[Activity]: In the data below, find the line containing "Натюрморт канцелярские принадлежности", then set down that line and every later line up to and including the line containing "Предлагаем Вам репродукцию", exactly.

[Data supplied]:
------

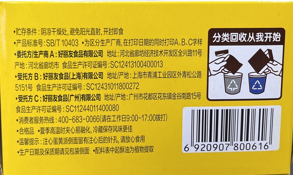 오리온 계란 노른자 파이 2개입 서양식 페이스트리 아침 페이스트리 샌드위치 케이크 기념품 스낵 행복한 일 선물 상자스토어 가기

------

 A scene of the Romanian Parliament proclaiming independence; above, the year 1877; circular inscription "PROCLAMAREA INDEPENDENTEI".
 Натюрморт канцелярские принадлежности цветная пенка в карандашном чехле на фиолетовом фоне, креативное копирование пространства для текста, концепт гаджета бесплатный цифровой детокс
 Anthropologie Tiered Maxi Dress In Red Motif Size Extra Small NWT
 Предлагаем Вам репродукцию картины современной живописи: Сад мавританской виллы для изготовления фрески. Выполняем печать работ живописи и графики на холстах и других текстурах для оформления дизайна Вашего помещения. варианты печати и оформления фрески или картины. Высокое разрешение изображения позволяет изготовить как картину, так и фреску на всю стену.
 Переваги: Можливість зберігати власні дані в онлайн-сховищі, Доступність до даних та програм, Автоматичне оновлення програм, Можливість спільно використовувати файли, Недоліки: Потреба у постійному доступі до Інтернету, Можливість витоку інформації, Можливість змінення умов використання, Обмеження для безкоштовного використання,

------

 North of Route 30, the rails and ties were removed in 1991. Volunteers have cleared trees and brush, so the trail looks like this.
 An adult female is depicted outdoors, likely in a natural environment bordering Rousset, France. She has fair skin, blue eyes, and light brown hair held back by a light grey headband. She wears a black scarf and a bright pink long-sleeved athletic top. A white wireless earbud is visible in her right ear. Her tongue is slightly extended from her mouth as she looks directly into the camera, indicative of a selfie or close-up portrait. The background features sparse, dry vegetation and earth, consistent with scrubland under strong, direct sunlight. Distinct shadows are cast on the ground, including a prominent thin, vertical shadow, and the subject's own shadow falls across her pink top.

------

[Reply]:
 Натюрморт канцелярские принадлежности цветная пенка в карандашном чехле на фиолетовом фоне, креативное копирование пространства для текста, концепт гаджета бесплатный цифровой детокс
 Anthropologie Tiered Maxi Dress In Red Motif Size Extra Small NWT
 Предлагаем Вам репродукцию картины современной живописи: Сад мавританской виллы для изготовления фрески. Выполняем печать работ живописи и графики на холстах и других текстурах для оформления дизайна Вашего помещения. варианты печати и оформления фрески или картины. Высокое разрешение изображения позволяет изготовить как картину, так и фреску на всю стену.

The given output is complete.